The system prompt is automatically eligible for caching when using Claude. For the support assistant where the system prompt is identical on every request, caching saves the system prompt tokens on every request after the first.

Tip: To maximise cache hit rate, put stable content (system prompt, static RAG context) at the beginning of your prompt and variable content (user message, conversation history) at the end. Caching works on the prefix — the longer the stable prefix, the higher the hit rate.

Technique 6 — Deduplicate embedding calls

Every vectorStore.add() call sends text to the embedding API. If you re-ingest the same document repeatedly (e.g., every deployment), you pay for redundant embeddings.

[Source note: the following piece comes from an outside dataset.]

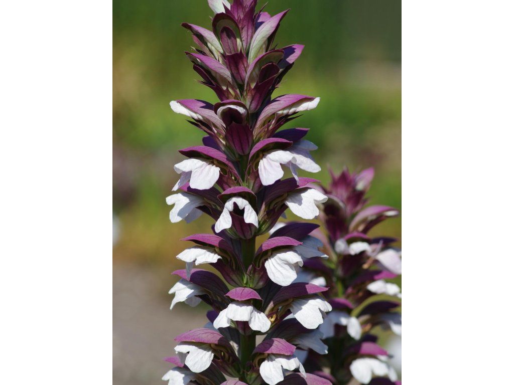 Acanthus mollis - Staude mit aufrechtem Wuchs, erreicht eine Höhe von 50 bis 150 cm. Sie zeichnet sich durch große Blätter mit ausgeprägter Struktur aus. Sie sind lang – können bis zu 1 m lang sein, eiförmig, tief gelappt, glänzend und frischgrün gefärbt. Im Juni und Juli erscheinen trichterförmige Blüten, die in bis zu 60 cm langen Ähren angeordnet sind. Die Blüten selbst sind purpurfarben geädert und weiß. Wenn der Winter mild ist, verhält sich die Pflanze teilweise immergrün. Die Frucht ist eine Kapsel. Es ist eine ideale Solitärpflanze, aber sie kommt auch in hohen Staudenpflanzungen zur Geltung.

Add a content hash to skip unchanged documents:

void ingestIfChanged(Resource resource, String source) {
    String contentHash = computeHash(resource);

    // Check if this source + hash already exists in metadata
    List<Document> existing = vectorStore.similaritySearch(
        SearchRequest.query("hash check")
            .withTopK(1)
            .withFilterExpression("source == '" + source + "' && contentHash == '" + contentHash + "'")
    );

    if (!existing.isEmpty()) {
        log.debug("Skipping unchanged document: {}", source);
        return;
    }

    // Delete old version, ingest new
    deleteBySource(source);
    ingestFile(resource, source, contentHash);
}

private String computeHash(Resource resource) {
    try (InputStream is = resource.getInputStream()) {
        return DigestUtils.md5DigestAsHex(is);
    } catch (IOException e) {
        throw new RuntimeException(e);
    }
}

For a knowledge base of 100 documents that rarely changes, this eliminates 99% of embedding costs after the initial ingestion.

Cost monitoring dashboard

Track these four numbers weekly:

// Weekly cost estimation (log to Slack/PagerDuty)
@Scheduled(cron = "0 0 9 * * MON")
void weeklyTokenReport() {
    long promptTokens = meterRegistry.counter("ai.tokens.prompt").count();
    long completionTokens = meterRegistry.counter("ai.tokens.completion").count();

    // gpt-4o-mini pricing
    double inputCost  = (promptTokens     / 1_000_000.0) * 0.15;
    double outputCost = (completionTokens / 1_000_000.0) * 0.60;
    double totalCost  = inputCost + outputCost;

    log.info("Weekly AI cost report: promptTokens={} completionTokens={} estimatedCost=${:.2f}",
        promptTokens, completionTokens, totalCost);
}

Note: Token costs decrease over time as models improve and competition increases. The techniques here are about managing costs at current prices — but the architectural discipline (right-sizing models, bounding context, measuring everything) is valuable regardless of the absolute price per token.